Ioffe, a Russian-born journalist, came to America with her family in 1990 at age 7. When she returned in 2009, the country she remembered was long gone. Ioffe’s sister becomes the fourth generation of women doctors in her family. But in Moscow, Ioffe meets women from similar backgrounds “obsessed” with lassoing wealthy men, regardless of their character. Even the educated former wife of an oligarch’s son is defined by her ex, as she grudgingly admires the skills of the young woman who snagged him next. “Everyone makes fun of these women,” the thirtysomething divorcée tells Ioffe, but “they’re geniuses. Absolute geniuses.”
A 1990 Soviet study found 60% of all schoolgirls wanted to grow up to become prostitutes. Almost 20 years later, upon Ioffe’s return to Moscow, it seemed they all wanted to become housewives.
In “Motherland,” Ioffe takes us on a journey to discover what happened to the Bolsheviks’ early promises. After seizing power in 1917 — when women made up more than 40% of the workforce — they embarked on a radical “campaign to erase gender and dismantle the bourgeois family, which, in their view, imprisoned women in marriages based on economics rather than love and mutual respect.”
In just a couple years, Soviet women gained “freedoms and rights that their Western counterparts would have to fight for, in most cases, for another several decades.” They included the right to vote, equal marriage, no-fault divorce, child support, paid maternity leave, free higher education and by 1920, the right to state-provided free abortion. It was, Ioffe wrote, “what I thought to be the greatest feminist experiment on earth.” Until it wasn’t.

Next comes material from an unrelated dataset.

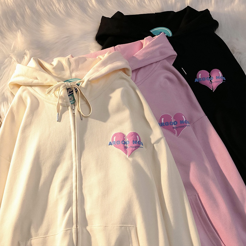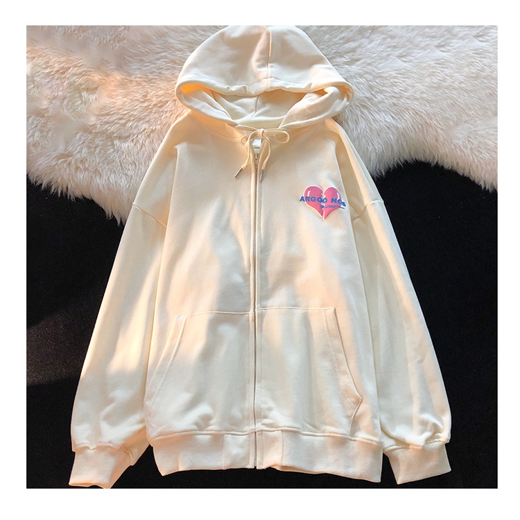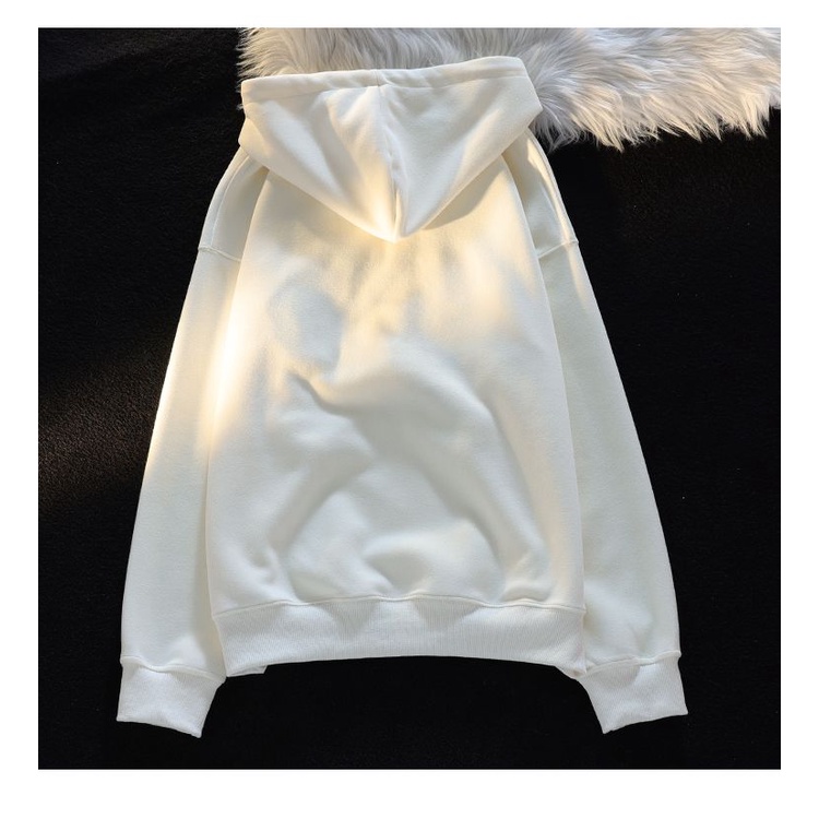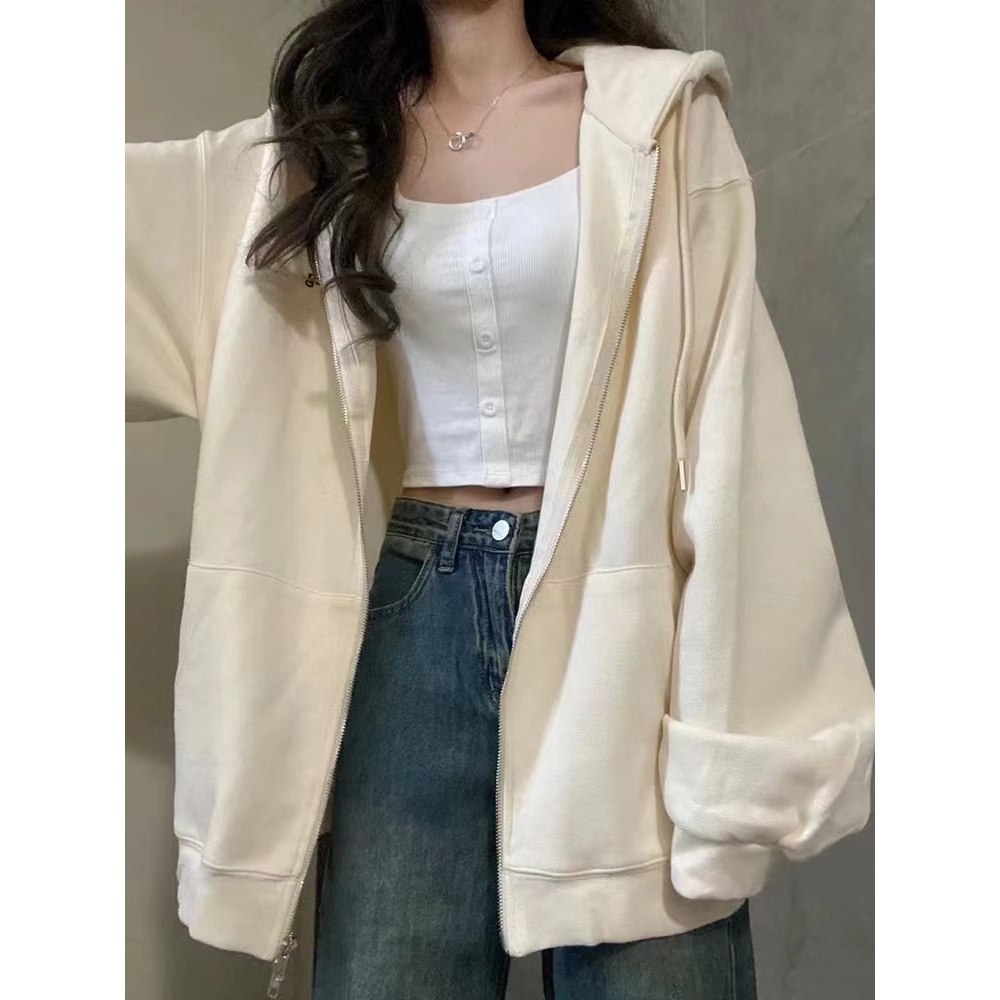 ฤดูใบไม้ร่วงใหม่ญี่ปุ่นสีครีมสุดน่ารักซิปขนาดใหญ่เสื้อกันหนาวหมวกผู้หญิงกํามะหยี่หลวมสไตล์วิทยาลัยคลุมด้วยผ้า
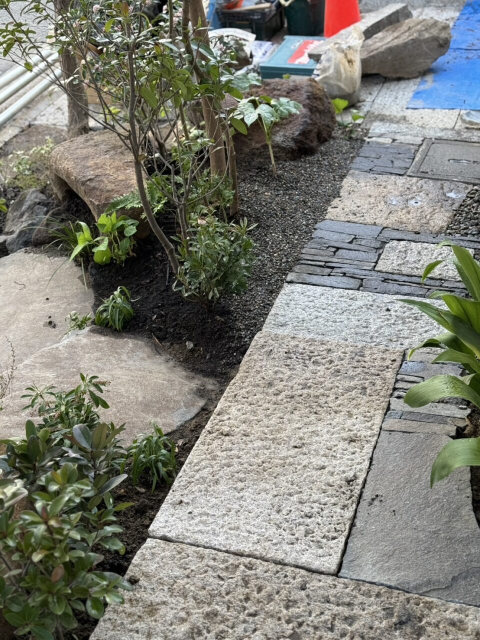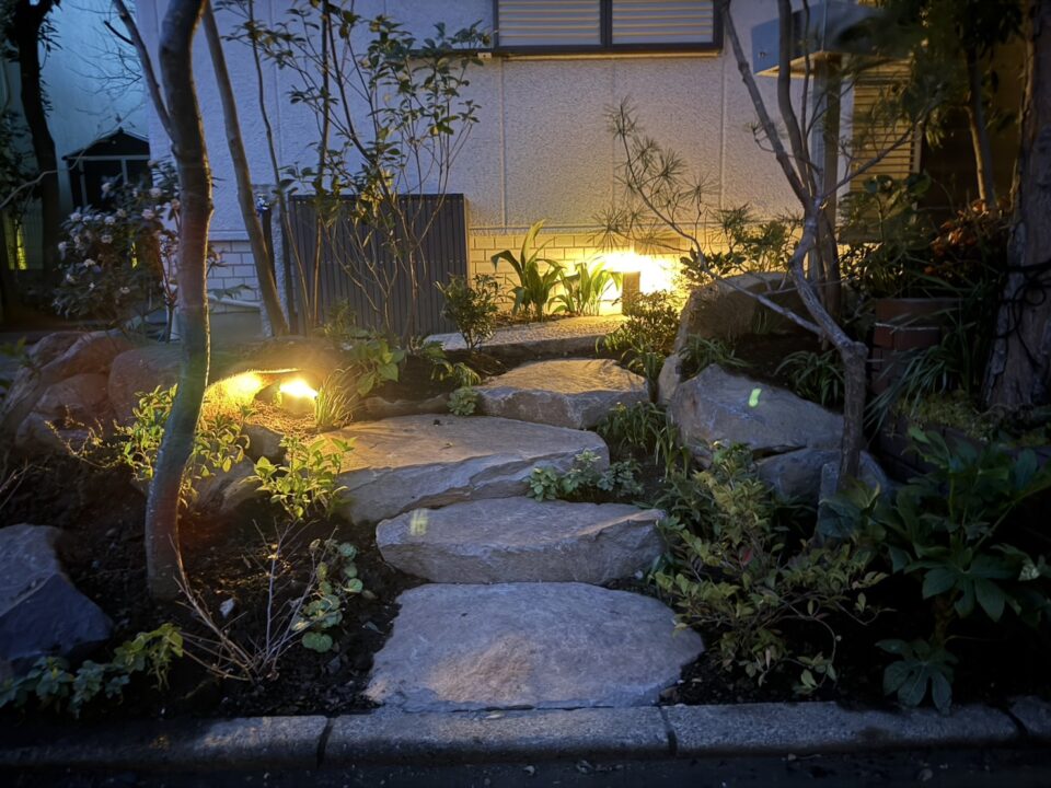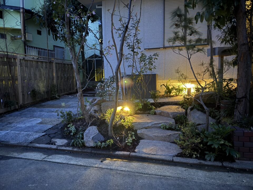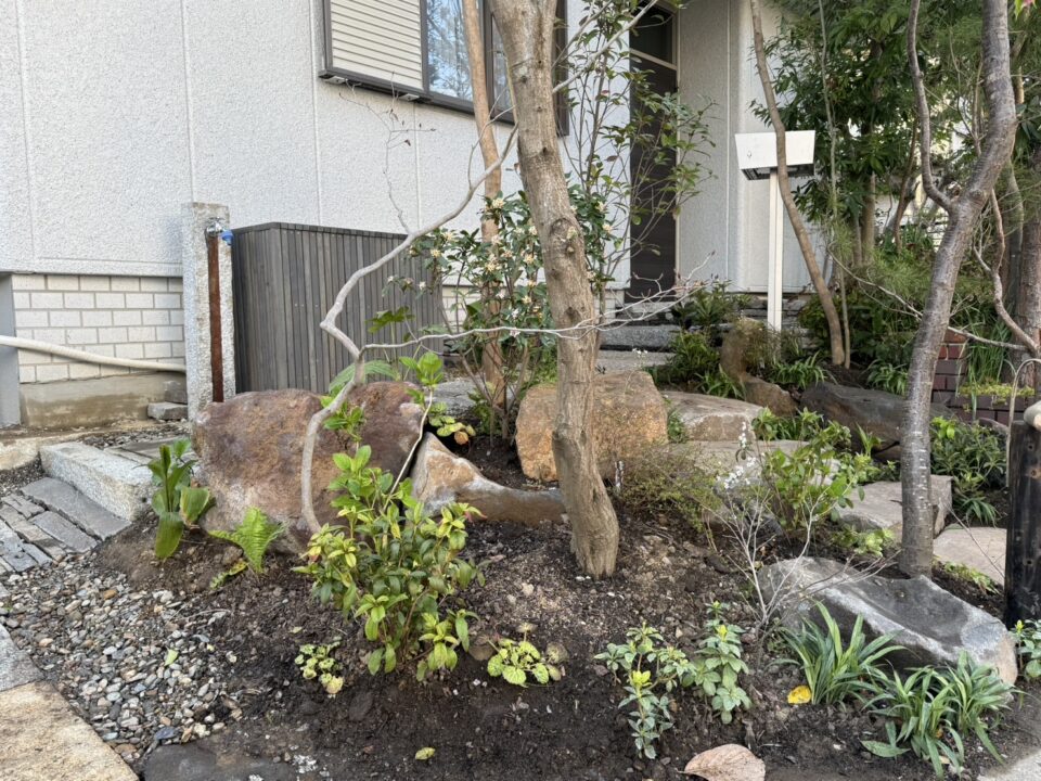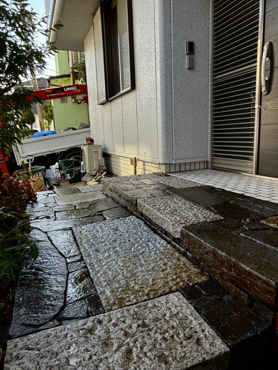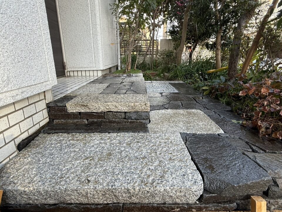 ホームページよりご依頼頂きました。白いタイルは滑るので雨の時危ないため、もっと自然な雰囲気にし自然石でのアプローチに変えたいとのご要望があり、弊社の施工事例を見て頂きご依頼頂くことになりました。

To tell the story, Ioffe expertly weaves her family’s personal history into a tapestry filled with female figures who loom large and small in the public domain. There’s Nadezhda Krupskaya, Lenin’s wife and co-revolutionary; Inessa Armand, Lenin’s mistress and dedicated Bolshevik; and Alexandra Kollontai, a daughter of privilege turned Marxist revolutionary, commissar of social welfare and the world’s first female cabinet minister.